Sinigrin
- Names: IUPAC name (Z)-N-[1-(β-D-glucopyranosylsulfanyl)but-3-en-1-ylidene]hydroxylamine-O-sulfonic acid

Identifiers
- CAS Number: Sinigrin: 534-69-0; K^{+} salt: 3952-98-5;
- 3D model (JSmol): Sinigrin: Interactive image; K^{+} salt: Interactive image;
- ChEBI: Sinigrin: CHEBI:79317;
- ChemSpider: Sinigrin: 4588961; K^{+} salt: 4576678;
- PubChem CID: Sinigrin: 5486549; K^{+} salt: 23684362;
- UNII: K^{+} salt: 50UM64RMBJ;

Properties
- Chemical formula: C_{10}H_{17}NO_{9}S_{2}
- Molar mass: 359.36 g·mol^{−1}

= Sinigrin =

Sinigrin or allyl glucosinolate is a glucosinolate that belongs to the family of glucosides found in some plants of the family Brassicaceae such as Brussels sprouts, broccoli, and the seeds of black mustard (Brassica nigra). Whenever sinigrin-containing plant tissue is crushed or otherwise damaged, the enzyme myrosinase degrades sinigrin to a mustard oil (allyl isothiocyanate), which is responsible for the pungent taste of mustard and horseradish. Seeds of white mustard, Sinapis alba, give a less pungent mustard because this species contains a different glucosinolate, sinalbin.

==Occurrence==
The compound was first reported in 1839, after its isolation from black mustard Brassica nigra, also known as Sinapis nigra, after which it was named. Sinigrin is now known to occur widely in other brassica families including Brassicaceae and Capparaceae.

==Structure==

E isomer (shown as anion)

The chemical structure of sinigrin had been established by 1930. This showed that it is a glucose derivative with β-D-glucopyranose configuration. It was unclear whether the C=N bond was in the Z (or syn) form, with sulfur and oxygen substituents on the same side of the double bond, or the alternative E form in which they are on opposite sides. The matter was settled by X-ray crystallography of its potassium salt in 1963. It is now known that all natural glucosinolates are of Z form.

==Synthesis==
===Biosynthesis===
Sinigrin is biosynthesised from the amino acid methionine in a multi-step pathway.
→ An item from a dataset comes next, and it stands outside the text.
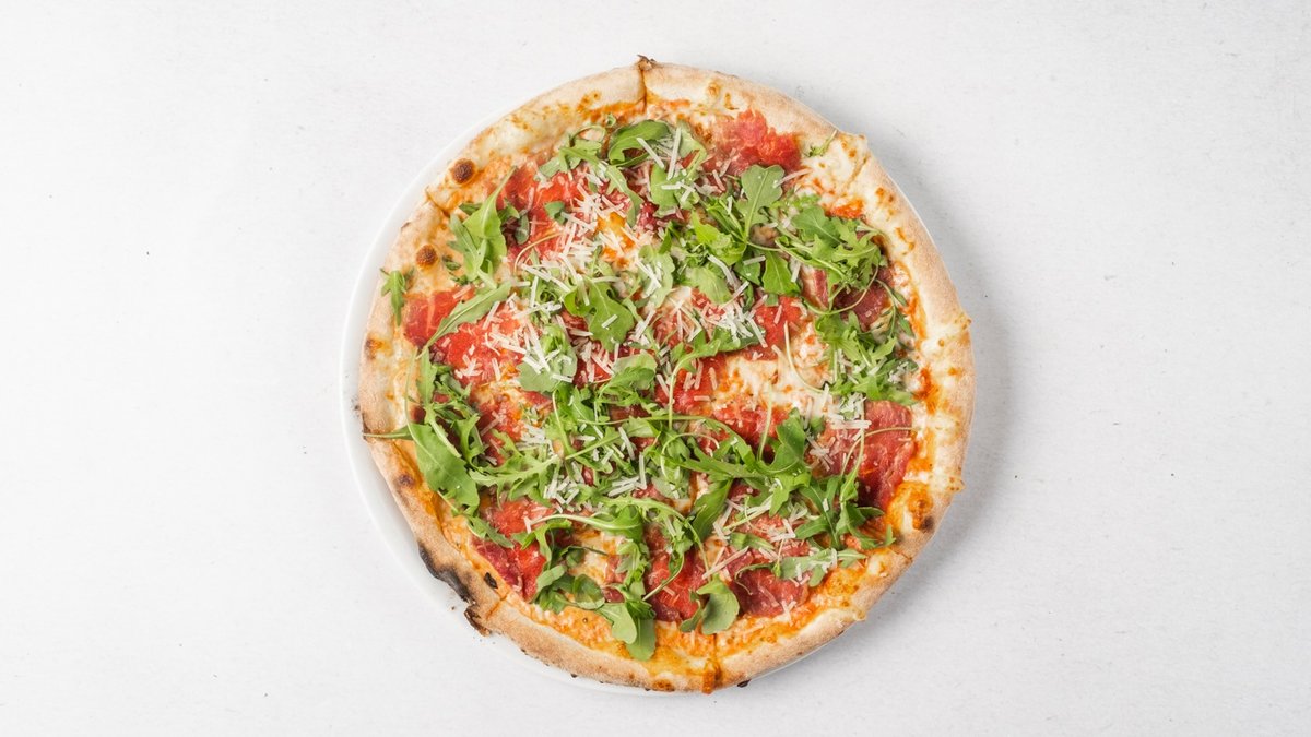 sugo, smetana, mozzarella, plátky svíčkové, rukola, grana padano - 1,3,6,7,12

===Laboratory synthesis===
The first laboratory syntheses of sinigrin was published in 1965. Later work provided a more efficient route.

==Function==

The natural role of glucosinolates are as plant defense compounds. The enzyme myrosinase removes the glucose group in sinigrin to give an intermediate which spontaneously rearranges to allyl isothiocyanate, the compound responsible for the pungent taste of Dijon mustard. This is a reactive material which is toxic to many insect predators and its production is triggered when the plant is damaged. This effect has been called the mustard oil bomb. Singrin is also known to be allelopathic. At concentrations typically found in foods, the glucosinolates are not toxic to humans and can be useful flavor components.

Sinigrin is unusual among the glucosinolates because it is also known to be the natural precursor for other volatile compounds including epithionitrile, allyl cyanide and allyl thiocyanate.